At 2:43 PM -0500 12/6/99, Beverly Flanigan wrote:
>At 12:13 PM 12/6/99 -0700, you wrote:
>>Given that my name does*n't* sound like the name of the rather more famous
>>David Bowie,[1] i've learned to take my name being mispronounced in stride.
>>Still doesn't explain multiple telemarketers calling and asking for what
>>sounds to me like "David Botha", though.
>>[1] FTR, his last name is [bo.i], mine is [bu.i]. To drag this back on-topic
>>for the list, i've been told that there's a north-south difference on the
>>island containing Scotland and England (is there a name for that island) for
>>my last name, where in the north it's [bu.i] and in the south it's [bo.i],
>>but i haven't been able to verify this.
>It's Great Britain!
or Britain (tout court).  Here's the OED on "Britain":

[1]a.

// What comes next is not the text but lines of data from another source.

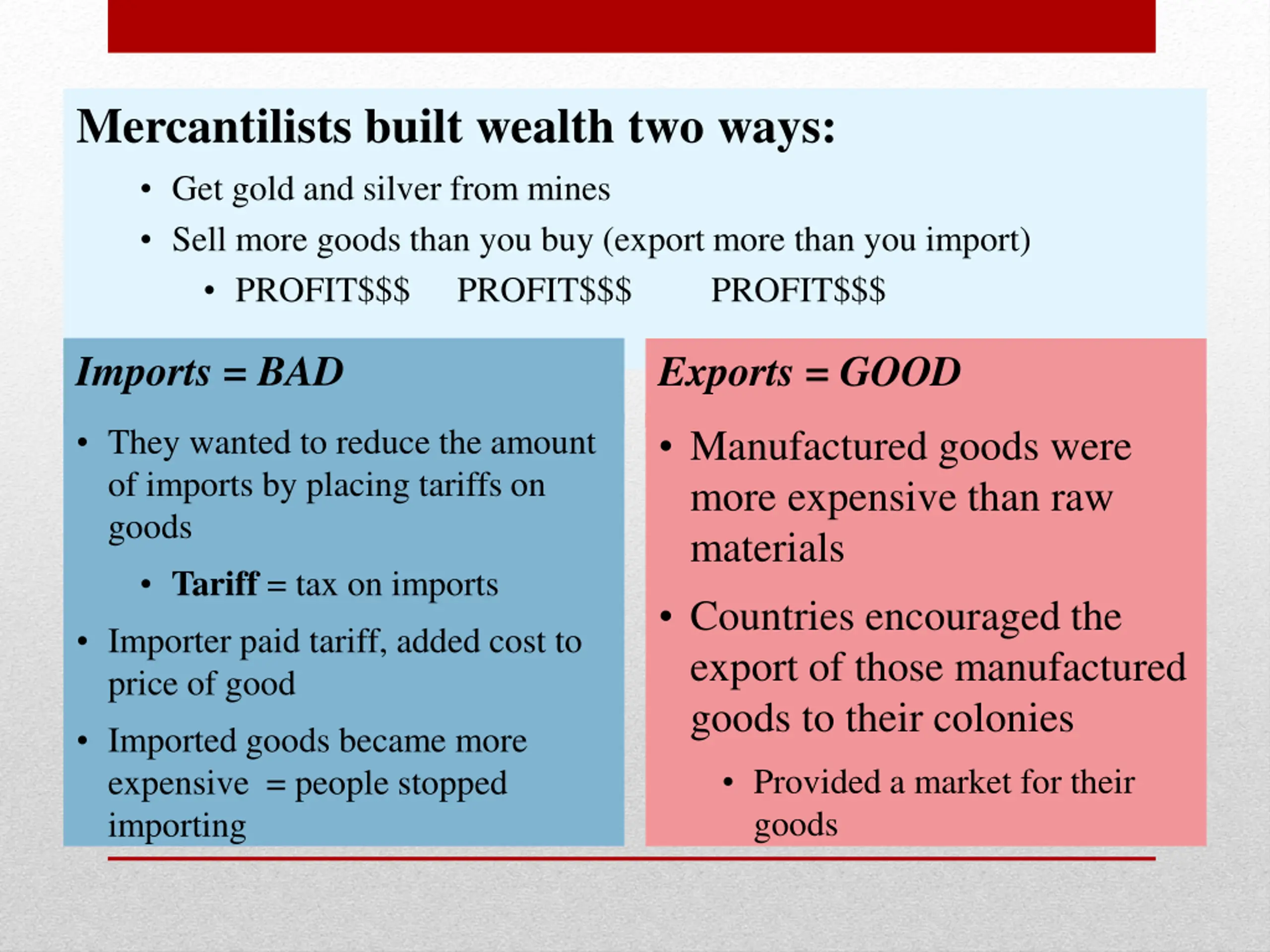 Mercantilists built wealth two ways: Get gold and silver from mines Sell more goods than you buy (export more than you import) PROFIT$$$ PROFIT$$$ PROFIT$$$ Imports = BAD Exports = GOOD Manufactured goods were more expensive than raw materials Countries encouraged the export of those manufactured goods to their colonies They wanted to reduce the amount of imports by placing tariffs on goods Tariff = tax on imports Importer paid tariff, added cost to price of good Imported goods became more expensive = people stopped importing Provided a market for their goods
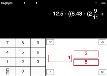 - Addition, soustraction, multiplication, division. - Calculs avec des parenthèses, y compris des parenthèses imbriquées. - Calculs avec des fractions, nombres mixtes, nombres entiers, nombres décimaux. - Entrée de fraction intuitive. - Puissance à exposant positif et négatif. - Fonctions trigonométriques: Sin, Cos, Tan. - Calculs trigonométriques en degrés et radians. - Constantes: π (pi). - Racine carrée (√ ). - Conversion de fractions en nombres décimaux et l'inverse. - Simplification des fractions.
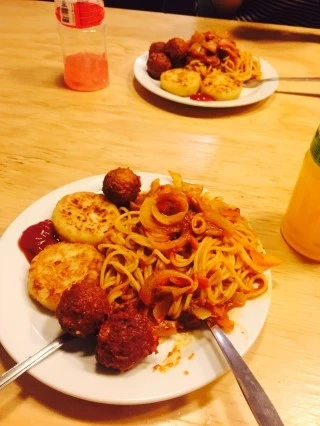 ▶점심 : 해시브라운, 미트볼스파게티, 모구모구 망고맛(진짜 맛있음)
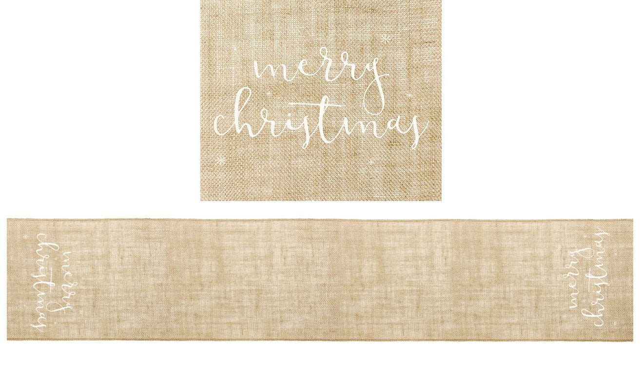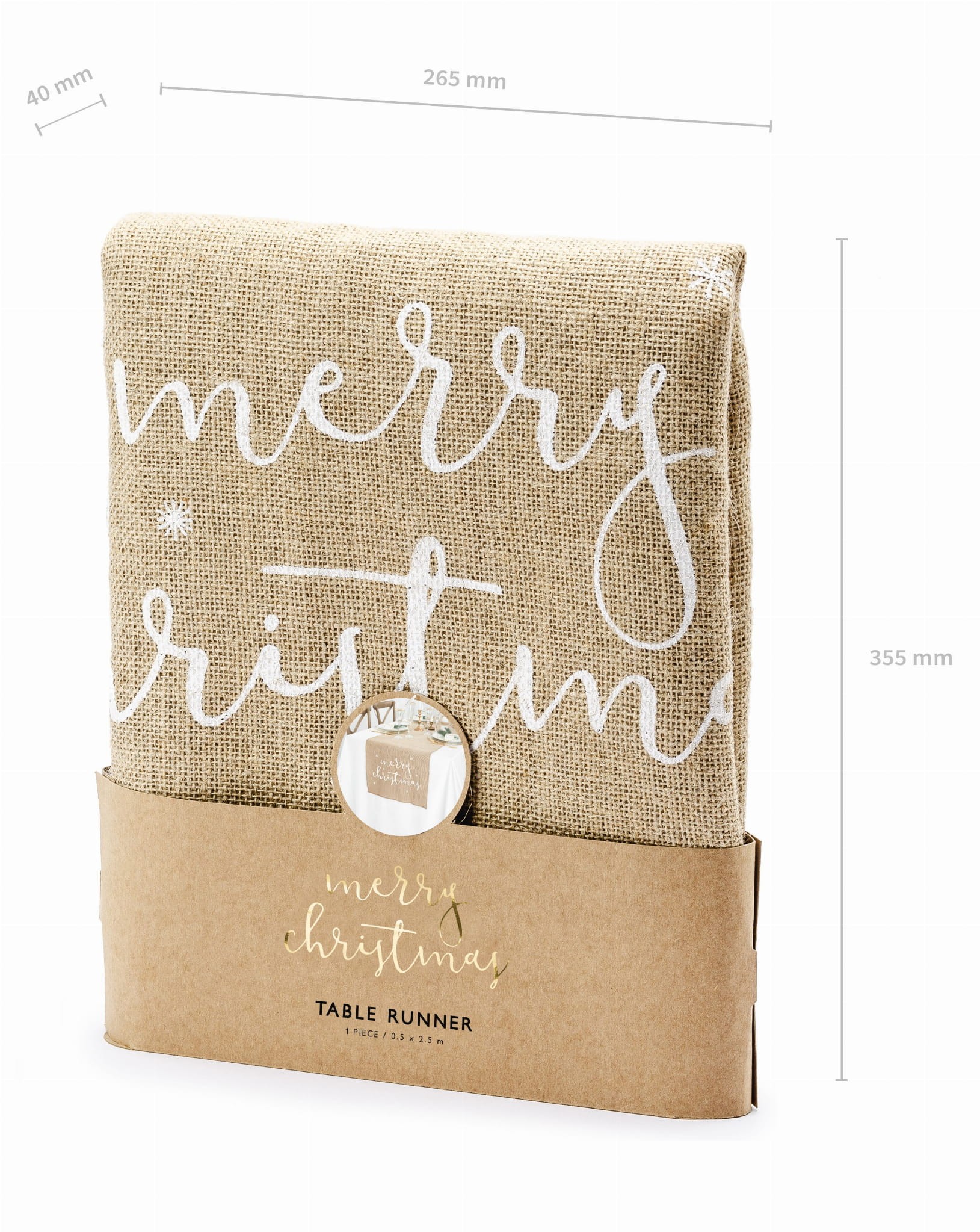 Idealnie nadaje się do dekoracji stołu podczas Wigilii i Świąt Bożego Narodzenia. Bieżnik jutowy z nadrukiem Merry Christmas.
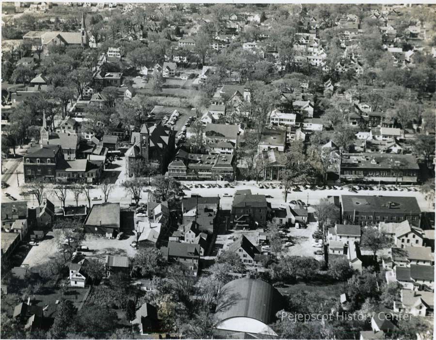 A B/W aerial photograph of the center of town and the western side of Maine Street, Brunswick. Undated
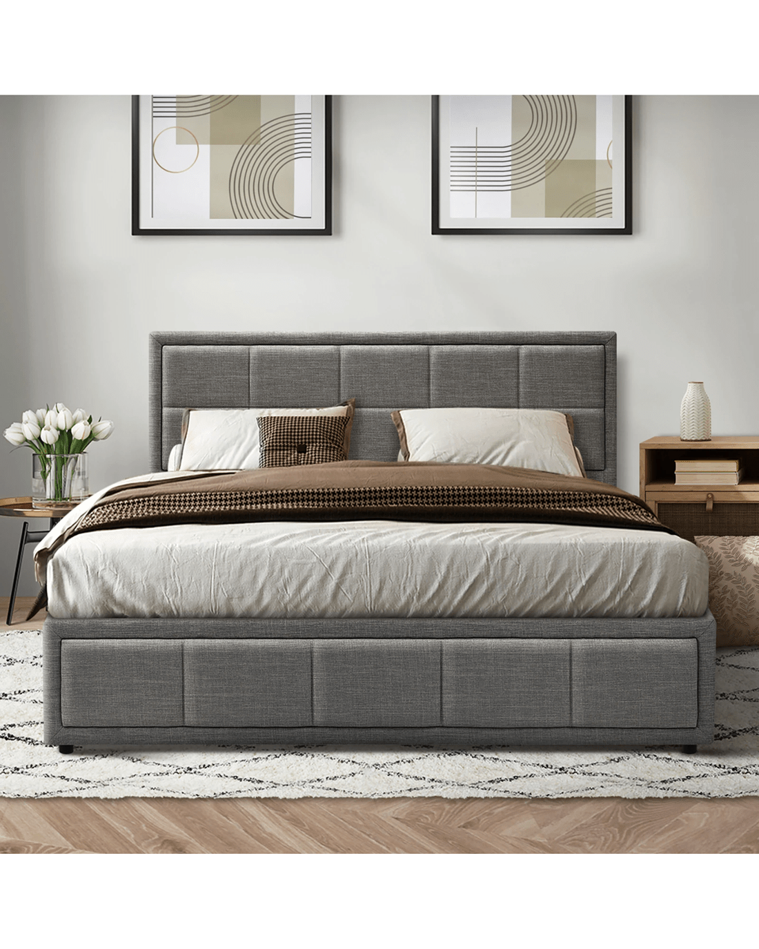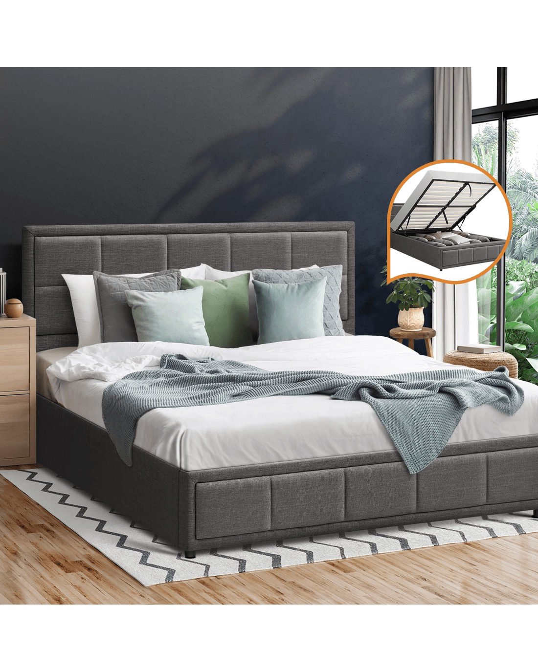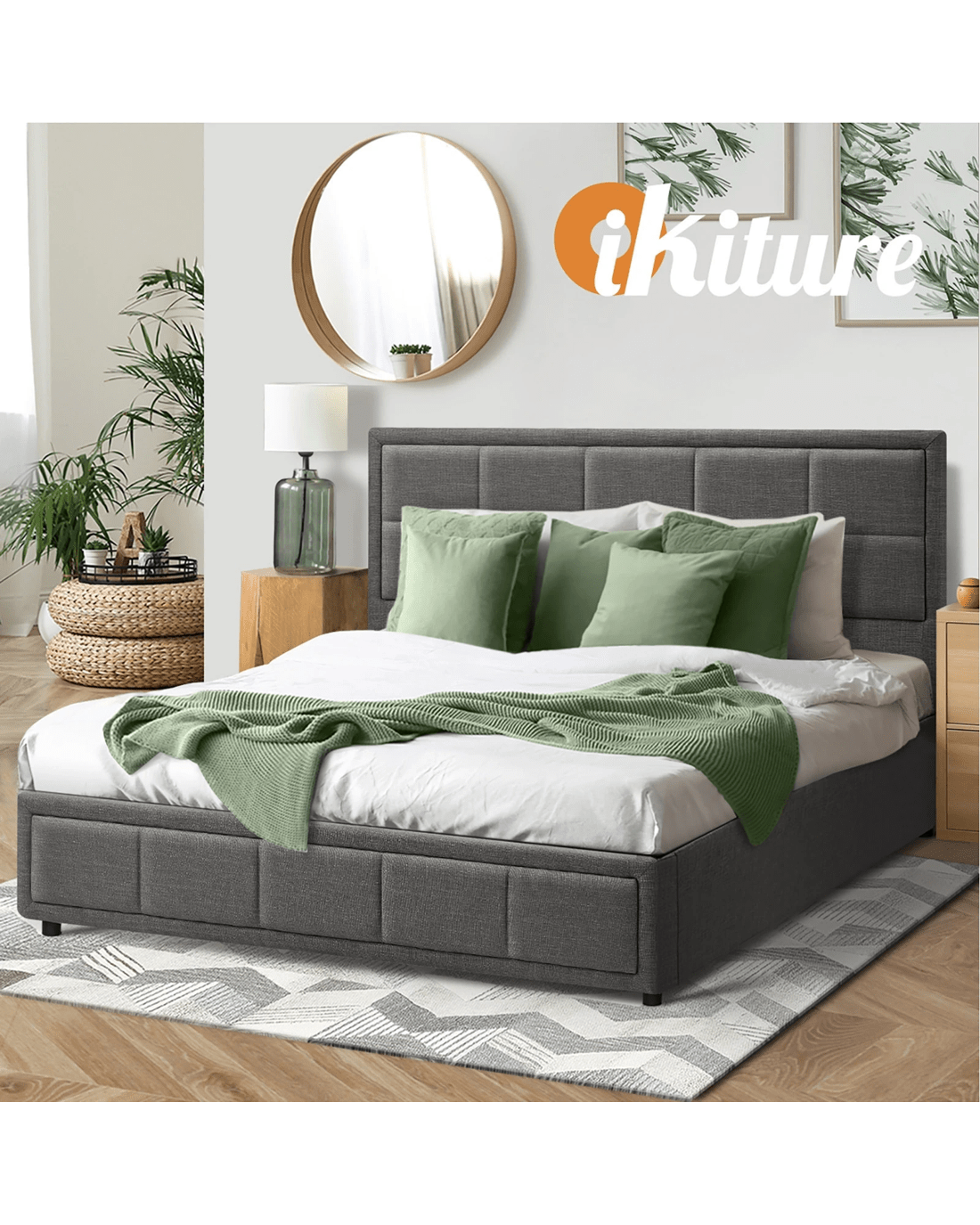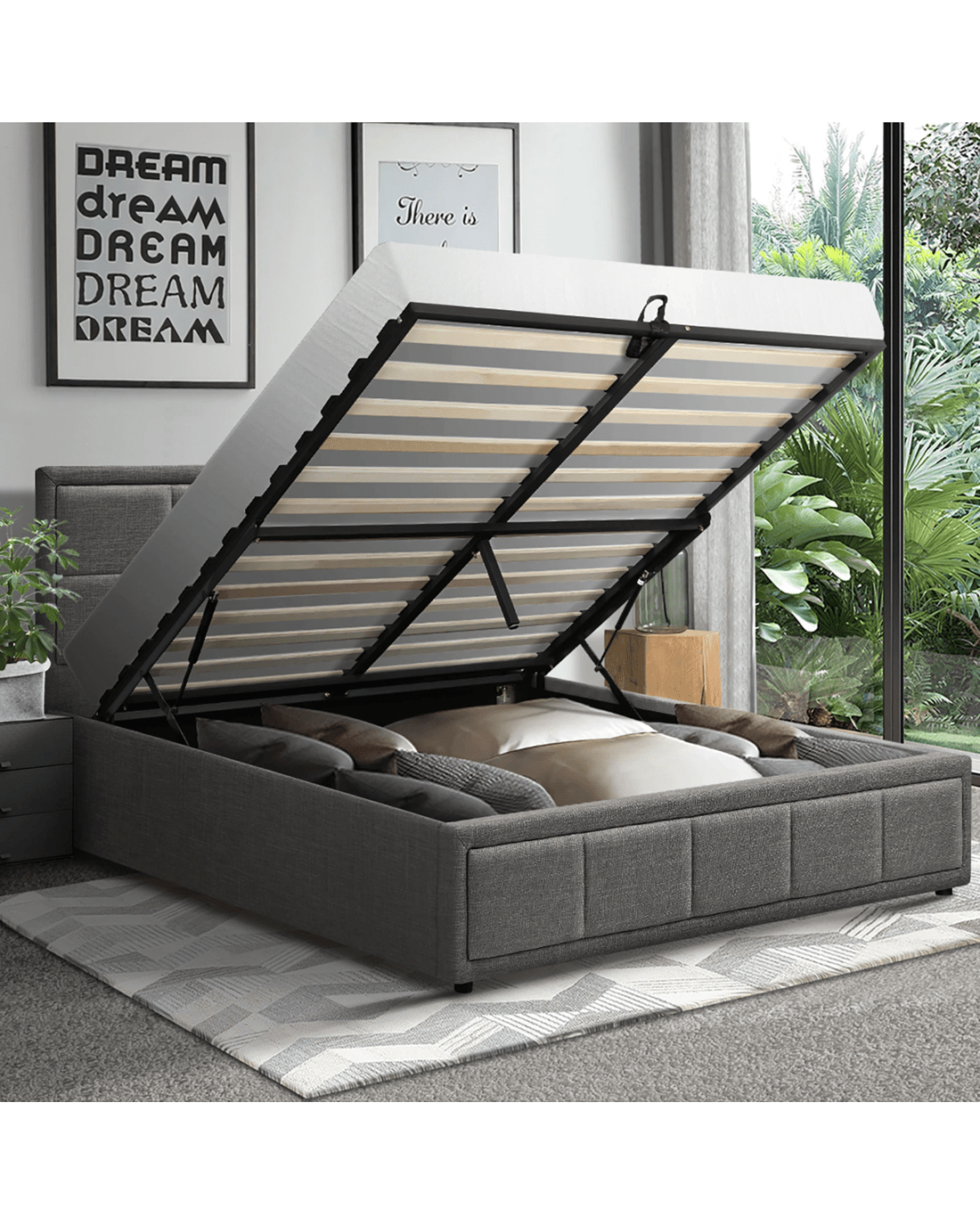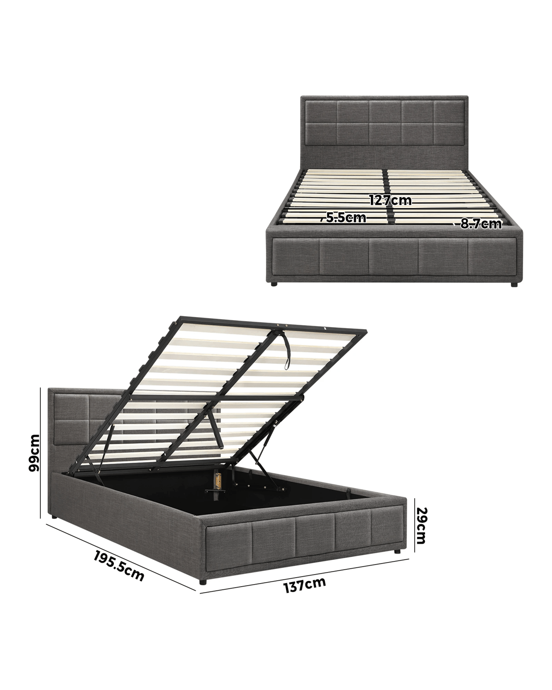 Sold by Kamprad's Oikos 1943Oikiture Double Bed Frame Gas Lift Storage Base - Grey

The proper name of the whole island containing England, Wales, and
Scotland, with their dependencies; more fully called Great Britain; now also
used for the British state or empire as a whole.

After the OE. period, Britain was used only as a historical term, until
about the time of Henry VIII and Edward VI, when it came again into
politics in connexion with the efforts made to unite England and Scotland;
in 1604 James I was proclaimed `King of Great Britain'; and this name was
adopted for the United Kingdom, at the Union in 1707. After that event,
South Britain and North Britain are frequent in Acts of Parl. for England
and Scotland respectively: the latter is still in occasional (chiefly
postal) use. (So West Britain, humorously or polemically for `Ireland'.)
Britain is a modern rhetorical phrase for `Great Britain and the colonies',
`the British Empire', brought into vogue in 1868.

although Britain may also refer (or may have once) to...

"2.  The duchy of Brittany or Bretagne in France; also called Little
Britain, Britain the less. Obs."

Presumably the problem with both "Britain" and "Great Britain" as a
geographical label for that once-sceptered isle comes from the confusion
with the political designation "United Kingdom", but since that's short (I
think) for "The United Kingdom of Great Britain and Northern Ireland", this
would confirm Beverly's observation.